As a regular sterling issuer, Enel decided to forgo the small price advantage of issuing in euros at the time, or even waiting to issue an ECB-eligible transaction in early 2021, in order to follow its strategy and maintain diversification.
“We were not in a wait-and-see mood. We were already planning to issue sterling, according to market conditions. It was part of the strategy,” Canta said.
The strategy paid off as the final spread implied a new issue concession of –10bp and a considerable tightening of 30bp from IPTs.
Enel used a pioneering £500m derivative to swap the sterling proceeds back to euros. The first-ever bilateral sustainability-linked cross-currency swap is one of the first sustainable debt instruments to require a bank counterparty to match a company’s KPI commitments with similar pledges of its own.

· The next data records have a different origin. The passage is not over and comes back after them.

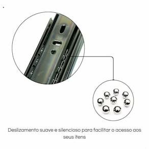 Construção Leve: Fabricada com materiais que combinam resistência e leveza, ideal para aplicações em móveis leves. Compatibilidade: Adaptável a diferentes tamanhos de gavetas, perfeita para uma variedade de móveis, desde cozinhas até escritórios. Instalação Rápida: O design do trilho permite uma instalação simples, fazendo com que você possa montar suas gavetas em pouco tempo.
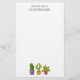 Stationery paper with a whimsical illustration featuring 3 happy little cacti sitting in their own flower pots. They each have their own unique expressions smiling and looking happy.
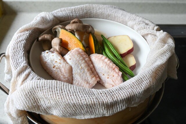 【03】せいろに濡らした蒸し布を敷き、皿を入れて野菜と手羽中を盛り付ける。ふたをして強火で約13分蒸す。
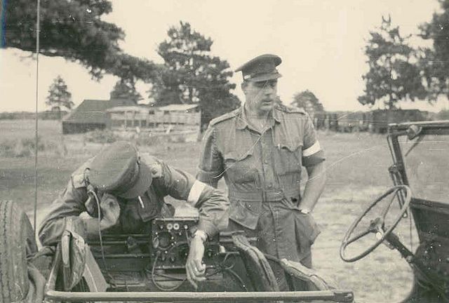 A photo from a militia concentration c 1950s. Being adjusted is a R209 Reception Set in the back of a Second World War era Car 5-cwt 4x4 (jeep).

This two-way commitment is expected to be seen more in 2021, as banks’ portfolios and lending continue to come under greater scrutiny.
“It’s the first product of this kind; of course also other banks are moving to this kind of approach,” said Nicole Della Vedova, Enel’s head of corporate finance.
Enel pledged to pay a step-up if it missed its renewables KPI target, and JP Morgan committed to a similar step-up if it missed its own KPI target to lend at least US$200bn annually in financing to drive action on climate change and the UN’s SDGs from 2020 to 2022.
Enel is a big user of derivatives as it hedges its purchases of raw materials and capex investments, and is now looking at moving all of its derivatives portfolio into a similar structure, Canta said.
The flexibility of the framework makes it relatively easy for Enel to add other financing instruments, and it is considering new sustainability-linked instruments for 2021, including subsidised and development finance, factoring and trade financing, and shows no signs of slowing this year.